Israel losing sight of its mission and its destiny felt no need of faith
and lost it; and with the loss of faith came loss of vigour and
alertness as on other occasions. Having no sense of a common purpose
great enough to demand their unity the Hebrews were again unable to
resist enemies, and this time the Midianites and other wild tribes of
the eastern desert found their opportunity. First some bands of them
came at the time of harvest and made raids on the cultivated districts.
But year by year they ventured farther in increasing numbers. Finally
they brought their tents and families, their flocks and herds, and took
possession.

In the case of all who fall away from the purpose of life the means of
bringing failure home to them and restoring the balance of justice are
always at hand. Let a man neglect his fields and nature is upon him;
weeds choke his crops, his harvests diminish, poverty comes like an
armed man. In trade likewise carelessness brings retribution. So in the
case of Israel: although the Canaanites had been subdued other foes were
not far away. And the business of this nation was of so sacred a kind
that neglect of it meant great moral fault and every fresh relapse into
earthliness and sensuality after a revival of religion implied more
serious guilt. We find accordingly a proportionate severity in the
punishment. Now the nation is chastised with whips, but next time it is
with scorpions. Now the iron chariots of Sisera hold the land in terror;
then hosts of marauders spread like locusts over the country,
insatiable, all-devouring. Do the Hebrews think that careful tilling of
their fields and the making of wine and oil are their chief concern? In
that they shall be undeceived. Not mainly to be good husbandmen and
vine-dressers are they set here, but to be a light in the midst of the
nations. If they cease to shine they shall no longer enjoy.

It was by the higher fords of Jordan, perhaps north of the Sea of
Galilee, that the Midianites fell on western Canaan. Under their two
great emirs Zebah and Zalmunna, who seem to have held a kind of barbaric
state, troops of riders on swift horses and dromedaries swept the shore
of the lake and burst into the plain of Jezreel. There were no doubt
many skirmishes between their squadrons and the men of Naphtali and
Manasseh. But one horde of the invaders followed another so quickly and
their attacks were so sudden and fierce that at length resistance became
impossible, the Hebrews had to betake themselves to the heights and
dwell in the caves and rocks.
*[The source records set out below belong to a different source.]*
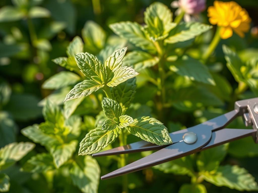 How much mint can I harvest at once without harming the plant? You can safely harvest up to one-third of the plant's total volume at any time, using the same method as pinching: cut stems just above a leaf node. This method simultaneously harvests and promotes new branching. Never strip all the leaves from a stem, as this can kill it.
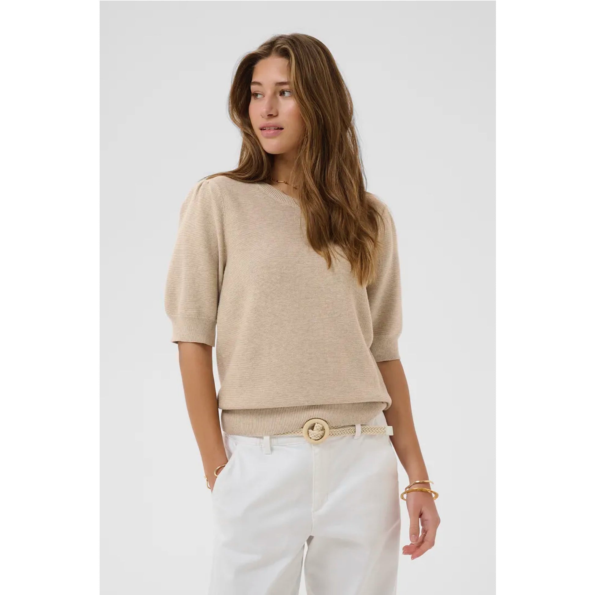 Introducing the Cream Sillar Knit Top —the perfect blend of cozy and chic! With shorter sleeves to help you transition through the seasons.
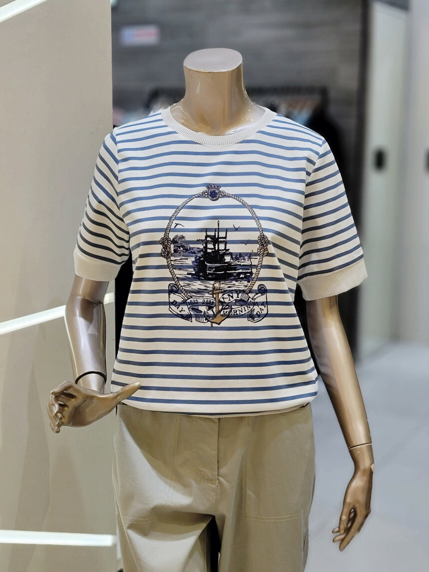스트라이프 패턴으로 경쾌한 무드를 선사하며

Once in the desert under Moses they had
been more than a match for these Arabs. Now, although on vantage ground
moral and natural, fighting for their hearths and homes behind the
breastwork of lake, river and mountain, they are completely routed.

Between the circumstances of this oppressed nation and the present state
of the church there is a wide interval, and in a sense the contrast is
striking. Is not the Christianity of our time strong and able to hold
its own? Is not the mood of many churches of the present day properly
that of elation? As year after year reports of numerical increase and
larger contributions are made, as finer buildings are raised for the
purposes of worship and work at home and abroad is carried on more
efficiently, is it not impossible to trace any resemblance between the
state of Israel during the Midianite oppression and the state of
religion now? Why should there be any fear that Baal-worship or other
idolatry should weaken the tribes, or that marauders from the desert
should settle in their land?

And yet the condition of things to-day is not quite unlike that of
Israel at the time we are considering. There are Canaanites who dwell in
the land and carry on their debasing worship. These too are days when
guerilla troops of naturalism, nomads of the primæval desert, are
sweeping the region of faith. Reckless and irresponsible talk in
periodicals and on platforms; novels, plays and verses often as clever
as they are unscrupulous are incidents of the invasion, and it is well
advanced. Not for the first time is a raid of this kind made on the
territory of faith, but the serious thing now is the readiness to give
way, the want of heart and power to resist that we observe in family
life and in society as well as in literature. Where resistance ought to
be eager and firm it is often ignorant, hesitating, lukewarm. Perhaps
the invasion must become more confident and more injurious before it
rouses the people of God to earnest and united action. Perhaps those who
will not submit may have to betake themselves to the caves of the
mountains while the new barbarism establishes itself in the rich plain.
It has almost come to this in some countries; and it may be that the
pride of those who have been content to cultivate their vineyards for
themselves alone, the security of those who have too easily concluded
that fighting was over shall yet be startled by some great disaster.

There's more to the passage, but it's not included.